**EXERCISE REQUIREMENTS:** Among the records below, find the line with "Amortyzowany ogranicznik zapobiega" and the line with "21-22赛季,安东尼为湖人". Set down both and every line between, exactly and with no pictures, but nothing else.
=== Section Start ===
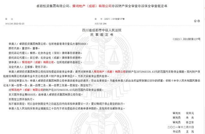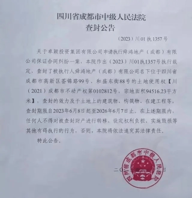 高入低出的后果也显而易见,在抢购一空后,南城都汇便再无消息。直到去年2月23日,中国裁判文书网公布了两份查封房产的裁定书,其中舜鸿地产(成都)有限公司的涉及项目就是位于成都市高新区的南城都汇,由卓颖投资集团有限公司申请查封,查封期限设定为三年。
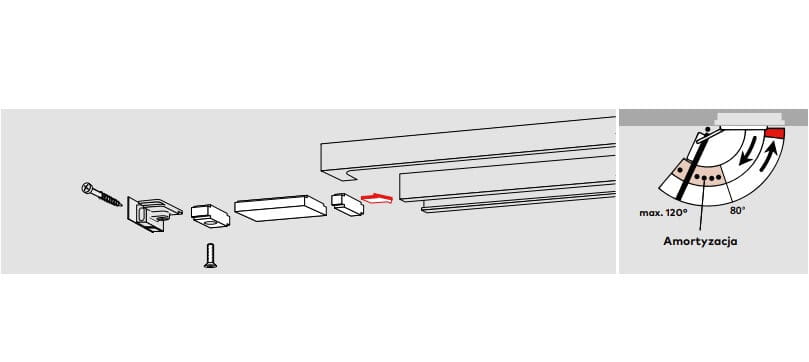 Amortyzowany ogranicznik zapobiega uderzeniu w przyległą ścianę przy normalnym otwieraniu. Ogranicznik nie jest zabezpieczeniem wytrzymałym i w wielu przypadkach nie zastępuje odbojnika drzwiowego.
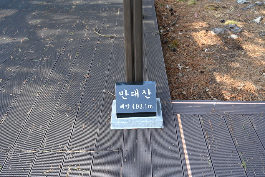완만한 능선은 산죽밭을 지나 25분이면 너른 덱이 깔린 만대산 정상에 올라섭니다.
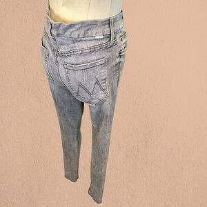 MOTHER Denim ‘The Looker’ Ankle Fray Skinny Jeans in “All Nighter” Gray Size 26
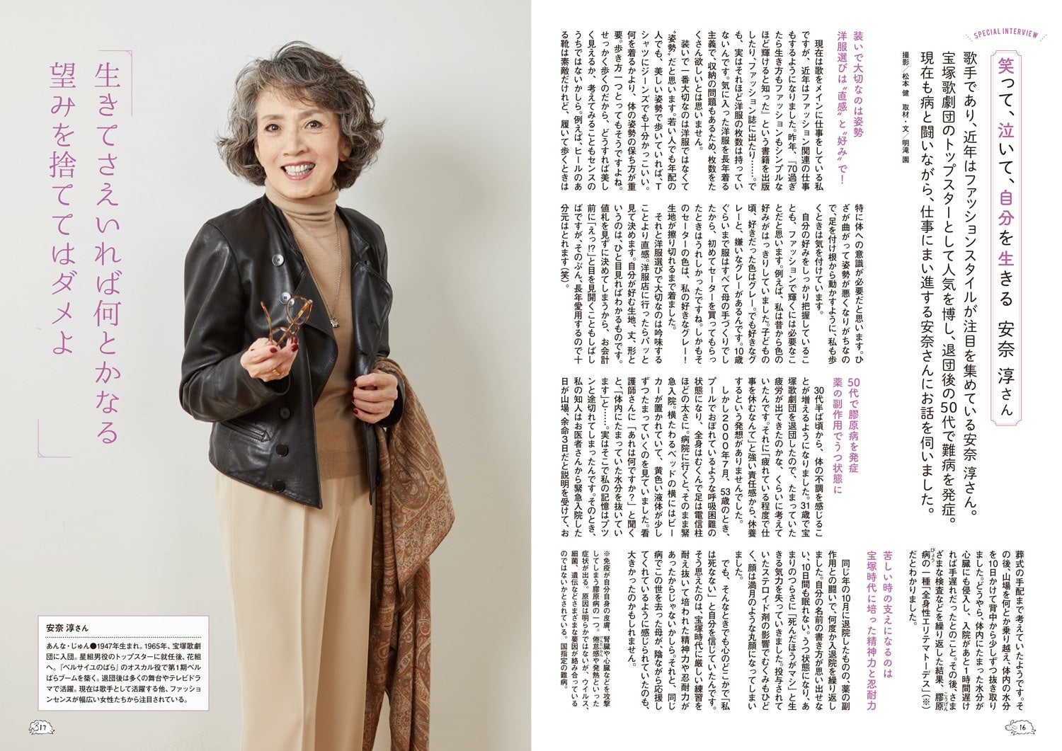 あんな・じゅん● 1965年、宝塚歌劇団に入団。星組男役のトップスターに就任後、花組へ。『ベルサイユのばら』のオスカル役で第1期ベルばらブームを築く。退団後は多くの舞台やテレビドラマで活躍。現在は歌手として活躍する他、ファッションセンスが幅広い女性たちから注目されている。
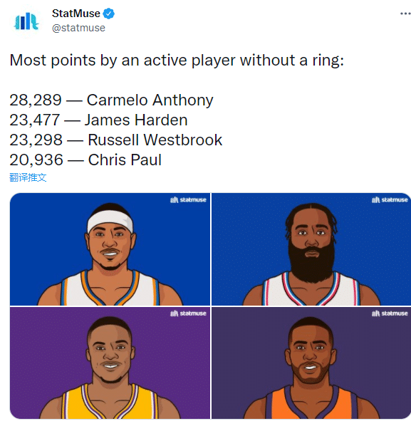 21-22赛季,安东尼为湖人队出战69场常规赛,场均贡献13.3分4.2篮板1助攻,投篮命中率44.1%,三分命中率37.5%,罚球命中率83%;据美媒Statmuse统计,当今联盟未夺冠的现役球员生涯得分排行榜前四依次是安东尼28289分、哈登23477分、威少23298分和保罗20936分。
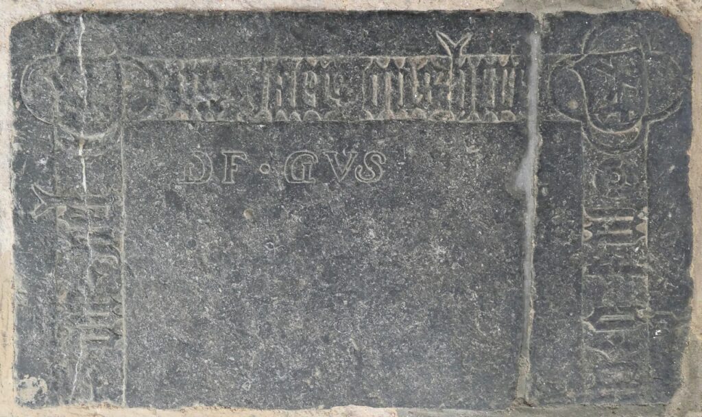 Zerk 153 Een oude zerk met gotisch randschrift. Het middenvlak is voorzien van de letters D F. G V S. deel randschrift is: int yaer ons here M D CC……… DF. G V S Op de hoeken in vierpassen een wapenschild met een huismerk. Foto van de Zerk: Gerrit de Vries, Franeker Fotoclub “De Zoeker”
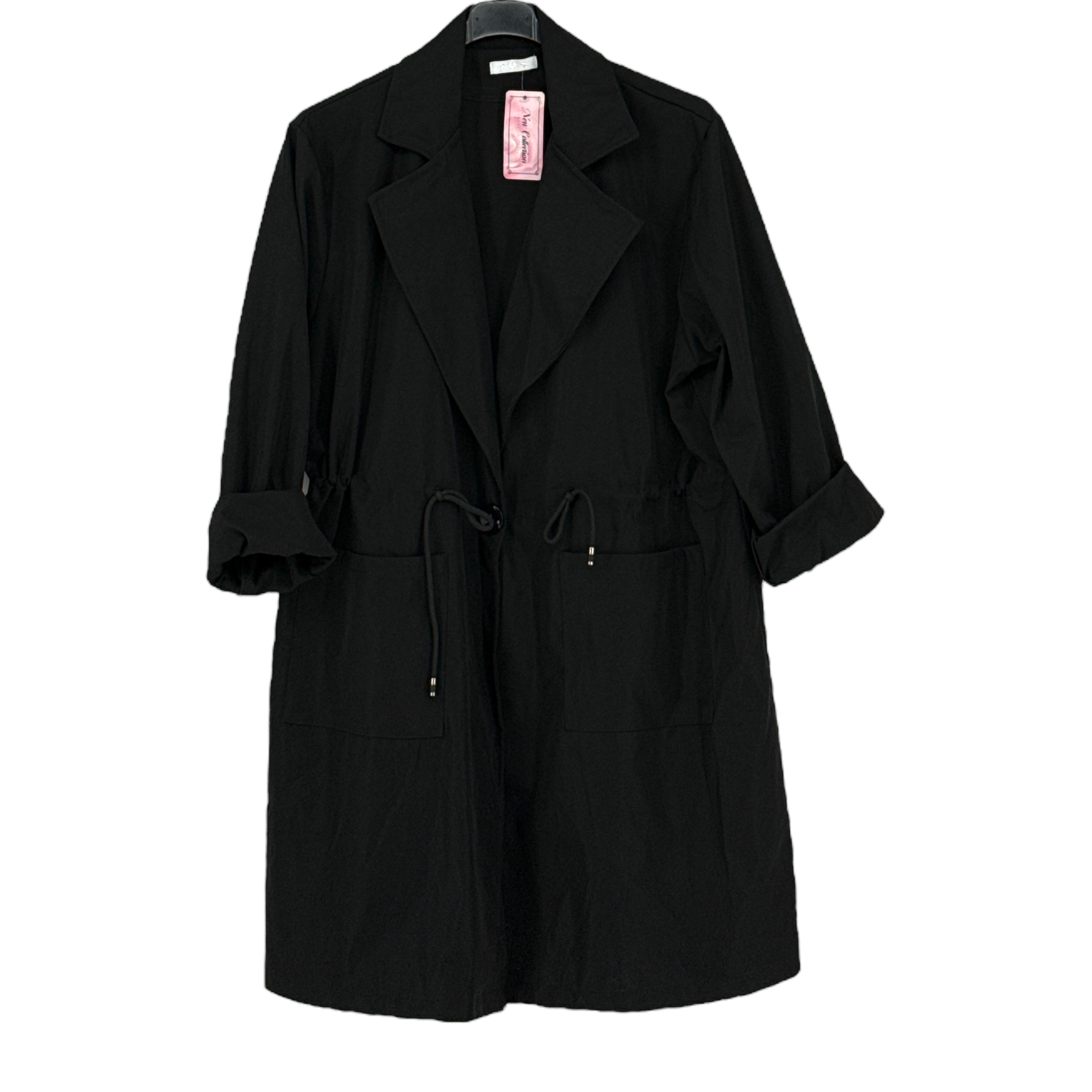 Καμπαρντίνα Γυναικεία σε μεσαίο μήκος μονοκούμπι με κορδόνι στη μέση. Έχει πέτο, εξωτερικές τσέπες, είναι one size oversized και καλύπτει και μεγάλα μεγέθη.
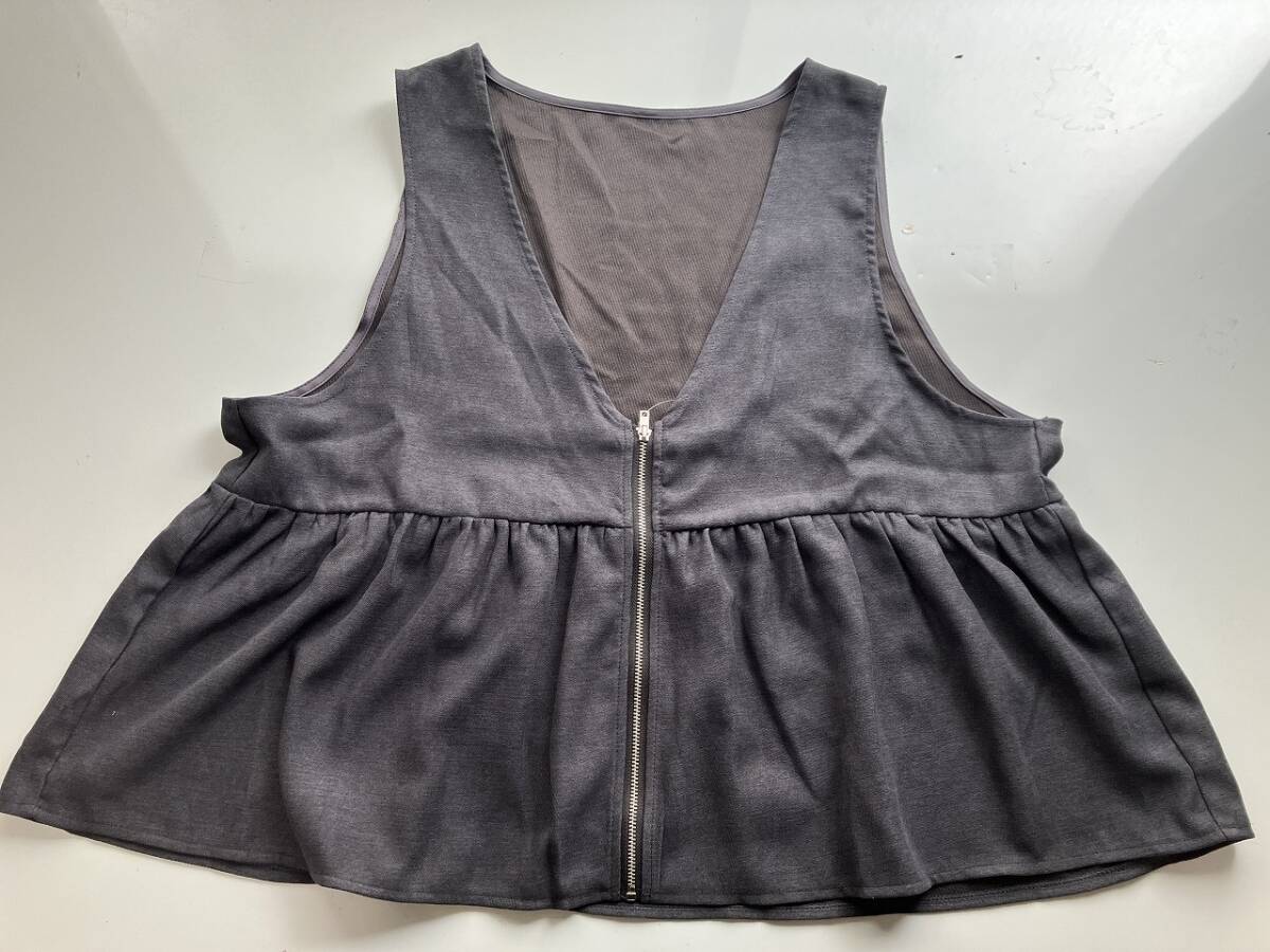 - 新品■大きいサイズ4L■ジップアップ切替フリルトップス■チャコールグレー
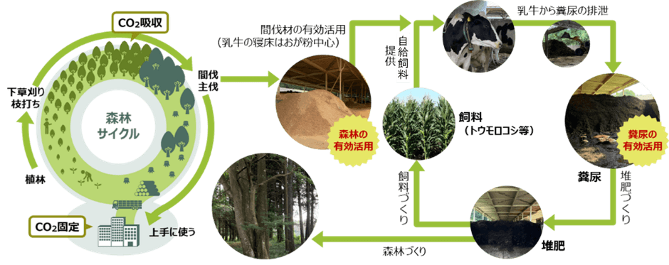 ①自然と100年以上共生し続ける中、自社畑の牧草・コーンにより乳牛を育て、牧場内の牧草を食べた牛の排泄物はたい肥原料の一部とし、再び土づくり、牧草づくりへと循環させる「持続可能な循環型酪農」に取り組み、環境負荷削減、食の安全、社会的価値の創造に対しひとつの回答を示すことを目標としています。
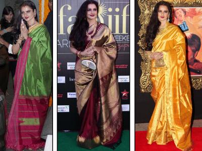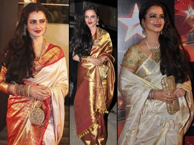 Navratri 2018 : नवरात्रीमध्ये दुर्गापुजेसाठी ट्राय करा रेखाप्रमाणे कांजीवरम साड्यांचा लूक!
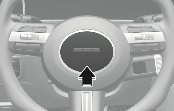 To sound the horn, press the area indicated by the horn symbol on your steering wheel (see illustration). The horn operates only when this area is pressed.
=== Section End ===
**EXERCISE OUTPUT:**
 Amortyzowany ogranicznik zapobiega uderzeniu w przyległą ścianę przy normalnym otwieraniu. Ogranicznik nie jest zabezpieczeniem wytrzymałym i w wielu przypadkach nie zastępuje odbojnika drzwiowego.
완만한 능선은 산죽밭을 지나 25분이면 너른 덱이 깔린 만대산 정상에 올라섭니다.
 MOTHER Denim ‘The Looker’ Ankle Fray Skinny Jeans in “All Nighter” Gray Size 26
 あんな・じゅん● 1965年、宝塚歌劇団に入団。星組男役のトップスターに就任後、花組へ。『ベルサイユのばら』のオスカル役で第1期ベルばらブームを築く。退団後は多くの舞台やテレビドラマで活躍。現在は歌手として活躍する他、ファッションセンスが幅広い女性たちから注目されている。
 21-22赛季,安东尼为湖人队出战69场常规赛,场均贡献13.3分4.2篮板1助攻,投篮命中率44.1%,三分命中率37.5%,罚球命中率83%;据美媒Statmuse统计,当今联盟未夺冠的现役球员生涯得分排行榜前四依次是安东尼28289分、哈登23477分、威少23298分和保罗20936分。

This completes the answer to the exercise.